ADR: ArgoCD Agent - OOM Protection Strategy
Status: 🟢 In-use Category: Architecture & Design Date: November 5, 2025 Signed-off-by: Sri Aradhyula <sraradhy@cisco.com>
Overview​
This document outlines the multi-layered OOM (Out of Memory) protection strategy implemented for the ArgoCD agent to handle large queries safely.
Problem​
The ArgoCD agent was experiencing OOM crashes when:
- Listing all 819+ applications in a single response
- Processing large JSON payloads (255KB+) from ArgoCD API
- LLM output exceeded 16K token limit, causing stream disconnection and memory accumulation
Solution Architecture​
Layer 1: Strict Pagination at MCP Tool Level ✅​
What: All list operations in MCP ArgoCD tools enforce pagination limits.
Implementation:
list_applications(),project_list(),applicationset_list(),cluster_service__list()- Default:
page_size=20, max:100 - Returns pagination metadata with each response
Files:
ai_platform_engineering/agents/argocd/mcp/mcp_argocd/tools/api_v1_applications.pyai_platform_engineering/agents/argocd/mcp/mcp_argocd/tools/api_v1_projects.pyai_platform_engineering/agents/argocd/mcp/mcp_argocd/tools/api_v1_applicationsets.pyai_platform_engineering/agents/argocd/mcp/mcp_argocd/tools/api_v1_clusters.py
Benefits:
- Limits data fetched from ArgoCD API
- Reduces JSON parsing memory overhead
- Prevents large payloads from entering the system
Layer 2: Search Tool for Efficient Filtering ✅​
What: Unified search tool that filters across all ArgoCD resources client-side.
Implementation:
search_argocd_resources()with regex-based filtering- Searches names, descriptions, labels, annotations, repos, etc.
- Returns paginated results after filtering
File: ai_platform_engineering/agents/argocd/mcp/mcp_argocd/tools/search.py
Benefits:
- Reduces the number of items the LLM needs to process
- More efficient than listing all and filtering in prompt
- Supports case-sensitive/insensitive search
Layer 3: LLM Prompt Engineering ✅​
What: Agent system prompt guides LLM to:
- Prefer search tool for keyword-based queries
- Use pagination when listing resources
- Summarize large result sets (>50 items)
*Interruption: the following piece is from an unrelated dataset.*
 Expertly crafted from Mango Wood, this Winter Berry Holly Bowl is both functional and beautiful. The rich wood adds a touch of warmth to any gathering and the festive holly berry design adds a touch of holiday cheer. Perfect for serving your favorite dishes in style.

- Show only first 20 items in detail to stay under 16K output token limit
Implementation:
**CRITICAL - Tool Selection Strategy**:
1. ALWAYS prefer Search_Argocd_Resources for keyword queries
2. Use list tools ONLY when user asks for "all" or "list all"
**CRITICAL - Output Token Limits & Pagination**:
1. If result >50 items:
- Start with "This is PAGE 1 of X items"
- Add summary section
- Show first 20 items in table
- End with pagination instructions
2. If result ≤50 items:
- Show all items
File: ai_platform_engineering/agents/argocd/agent_argocd/protocol_bindings/a2a_server/agent.py
Benefits:
- Prevents LLM from generating 80K+ token responses
- Avoids stream disconnection and memory spikes
- Guides user to use pagination or filters
Layer 4: Context Window Management ✅​
What: Aggressive context trimming and message history management.
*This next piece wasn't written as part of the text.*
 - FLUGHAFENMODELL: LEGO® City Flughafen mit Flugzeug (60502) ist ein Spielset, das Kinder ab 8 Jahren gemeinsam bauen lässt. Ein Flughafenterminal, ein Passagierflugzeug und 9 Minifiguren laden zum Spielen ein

Configuration (in docker-compose.dev.yaml):
MAX_CONTEXT_TOKENS: 20000 # Lower limit to trigger trimming sooner
MIN_MESSAGES_TO_KEEP: 2 # Keep minimal conversation history
ENABLE_AUTO_COMPRESSION: true # Compress old messages
SUMMARIZE_TOOL_OUTPUTS: true # Summarize large tool outputs
MAX_TOOL_OUTPUT_LENGTH: 5000 # Truncate tool outputs >5000 chars
Implementation: ai_platform_engineering/utils/a2a_common/base_langgraph_agent.py
Benefits:
- Prevents context from growing unbounded
- Reduces memory footprint of conversation history
- Allows longer sessions without OOM
Layer 5: Docker Resource Limits ✅​
What: Hard memory limits and reservations at container level.
Configuration (in docker-compose.dev.yaml):
agent-argocd-p2p:
mem_limit: 4g # Hard limit - container killed if exceeded
mem_reservation: 2g # Soft limit - guaranteed allocation
Benefits:
- Prevents agent from consuming all host memory
- Provides early warning via
docker stats - Graceful OOMKill rather than system-wide issues
Additional Safeguards to Consider​
1. Max Response Size Limit (RECOMMENDED) 🔧​
Add a hard limit on search tool response sizes:
# In search.py
MAX_SEARCH_RESULTS = 1000 # Never return more than 1000 items total
# After fetching all results
if len(all_results) > MAX_SEARCH_RESULTS:
return {
"error": f"Query returned {len(all_results)} results, exceeding limit of {MAX_SEARCH_RESULTS}. Please refine your search.",
"suggestion": "Use more specific search terms or filter by resource_types"
}
2. Streaming Tool Outputs (FUTURE ENHANCEMENT)​
Instead of returning full JSON:
- Stream tool results in chunks
- Allow LLM to process incrementally
- Reduces peak memory usage
3. Response Size Monitoring (RECOMMENDED) 🔧​
Add logging to track response sizes:
# In agent.py, after tool execution
tool_output_size = len(json.dumps(tool_result))
if tool_output_size > 100_000: # 100KB
logger.warning(f"Large tool output: {tool_output_size} bytes from {tool_name}")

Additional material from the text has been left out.